[Exercise prompt]: Would you please return the lines of the entries below starting at the line that has "The Little Mermaid" and ending at the line that has "Meilleur prix : Moniteur", both included, exactly as they are?

[Supplied entries]:
+===+

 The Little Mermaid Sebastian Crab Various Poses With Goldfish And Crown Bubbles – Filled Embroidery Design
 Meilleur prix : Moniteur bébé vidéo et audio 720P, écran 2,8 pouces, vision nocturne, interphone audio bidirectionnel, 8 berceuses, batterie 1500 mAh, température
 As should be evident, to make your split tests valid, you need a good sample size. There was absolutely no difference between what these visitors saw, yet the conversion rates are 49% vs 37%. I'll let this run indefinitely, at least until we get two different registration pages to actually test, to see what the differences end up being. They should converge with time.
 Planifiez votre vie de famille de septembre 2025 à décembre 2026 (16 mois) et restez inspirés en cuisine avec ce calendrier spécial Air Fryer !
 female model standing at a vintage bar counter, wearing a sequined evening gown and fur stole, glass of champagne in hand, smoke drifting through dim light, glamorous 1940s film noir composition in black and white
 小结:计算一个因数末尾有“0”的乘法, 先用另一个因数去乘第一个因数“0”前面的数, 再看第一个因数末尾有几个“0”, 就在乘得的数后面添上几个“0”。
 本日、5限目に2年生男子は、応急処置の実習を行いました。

+===+

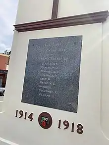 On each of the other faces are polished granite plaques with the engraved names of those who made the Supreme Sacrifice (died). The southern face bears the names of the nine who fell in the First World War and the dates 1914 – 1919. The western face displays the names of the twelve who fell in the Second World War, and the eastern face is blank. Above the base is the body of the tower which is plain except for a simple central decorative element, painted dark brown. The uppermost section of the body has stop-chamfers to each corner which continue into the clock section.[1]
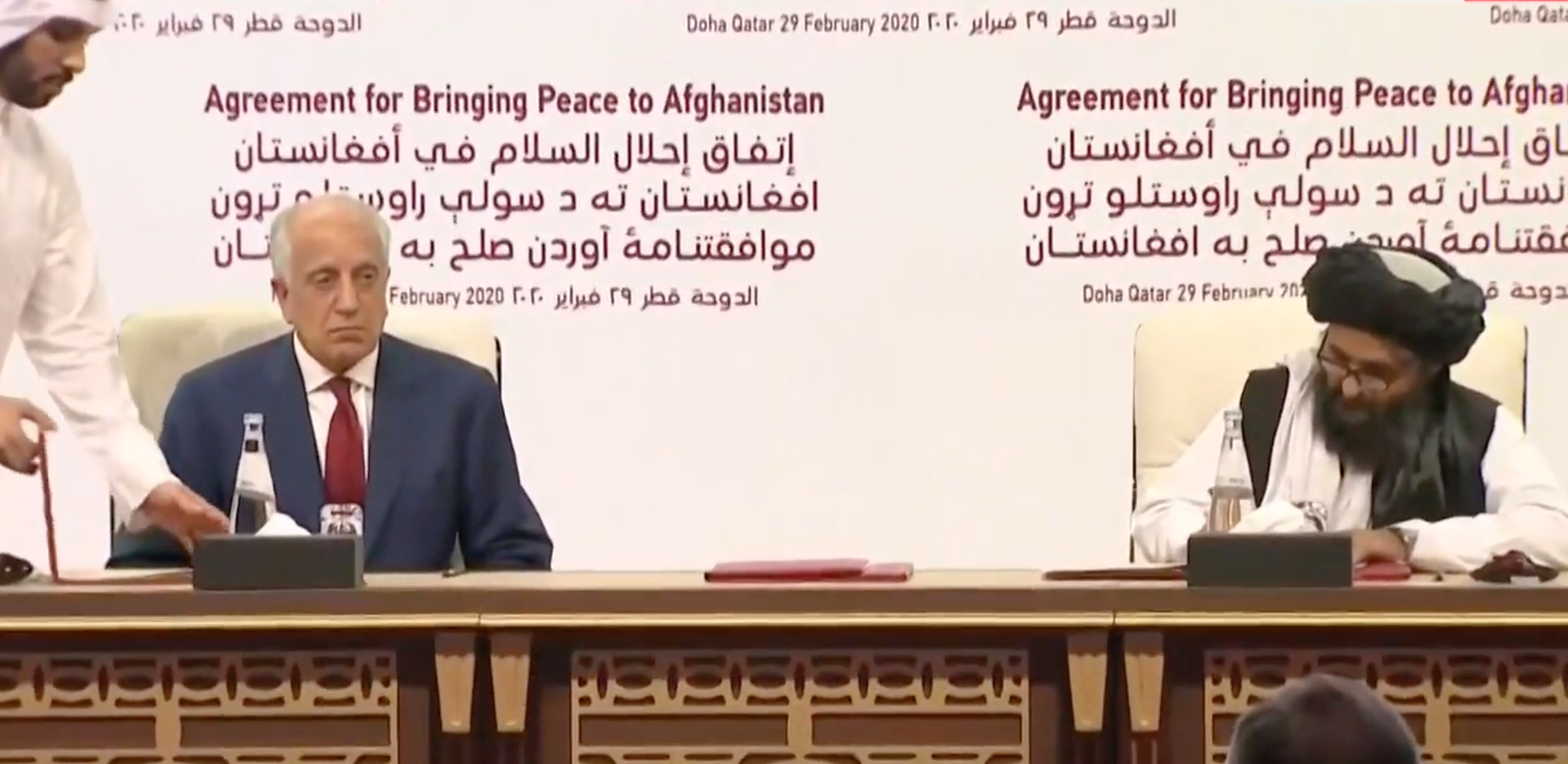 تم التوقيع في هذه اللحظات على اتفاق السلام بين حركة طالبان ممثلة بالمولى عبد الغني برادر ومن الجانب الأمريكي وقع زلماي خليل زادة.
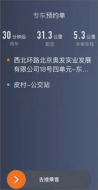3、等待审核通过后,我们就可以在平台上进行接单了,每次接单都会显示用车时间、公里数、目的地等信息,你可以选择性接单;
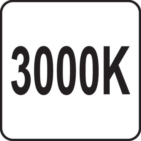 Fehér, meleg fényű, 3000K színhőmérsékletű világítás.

+===+

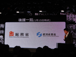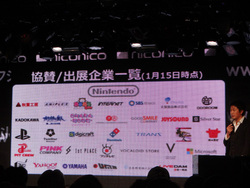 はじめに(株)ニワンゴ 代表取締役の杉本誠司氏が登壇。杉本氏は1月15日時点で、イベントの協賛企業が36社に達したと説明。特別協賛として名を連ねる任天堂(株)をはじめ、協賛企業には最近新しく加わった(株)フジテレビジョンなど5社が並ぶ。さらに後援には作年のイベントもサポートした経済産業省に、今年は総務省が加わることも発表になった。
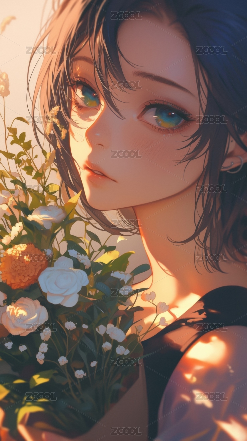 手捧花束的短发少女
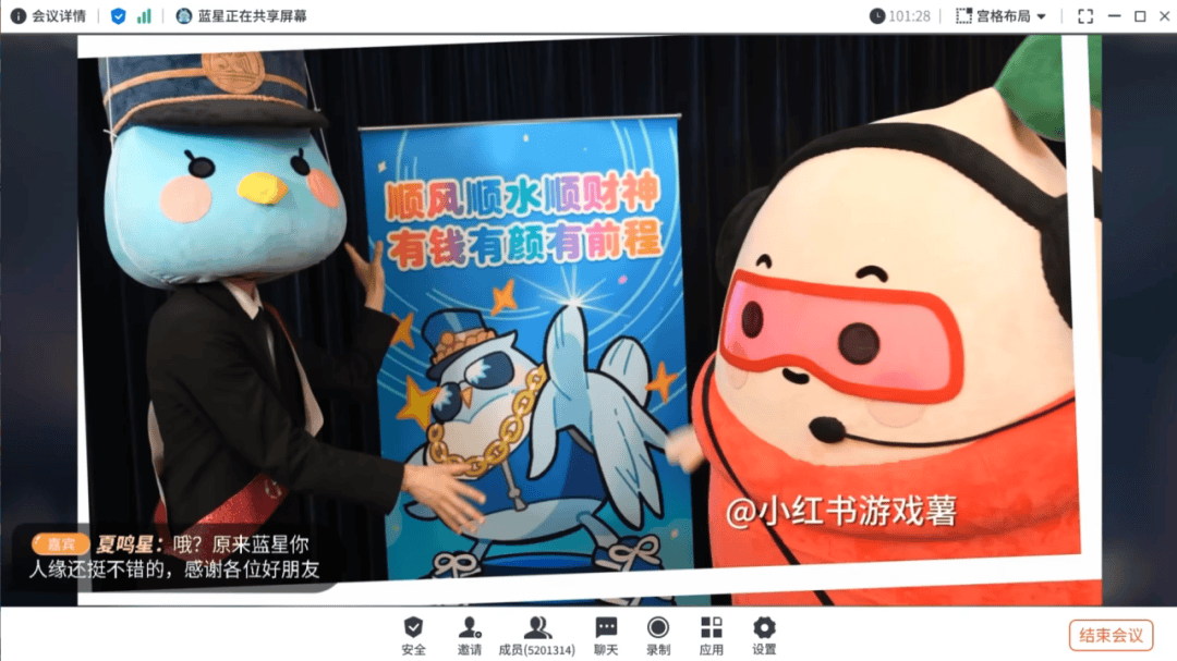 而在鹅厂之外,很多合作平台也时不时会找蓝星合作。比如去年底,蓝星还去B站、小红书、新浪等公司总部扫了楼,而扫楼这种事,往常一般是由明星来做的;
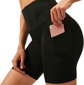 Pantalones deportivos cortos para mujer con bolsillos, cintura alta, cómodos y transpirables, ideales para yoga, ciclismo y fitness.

+===+

[Output]:
 The Little Mermaid Sebastian Crab Various Poses With Goldfish And Crown Bubbles – Filled Embroidery Design
 Meilleur prix : Moniteur bébé vidéo et audio 720P, écran 2,8 pouces, vision nocturne, interphone audio bidirectionnel, 8 berceuses, batterie 1500 mAh, température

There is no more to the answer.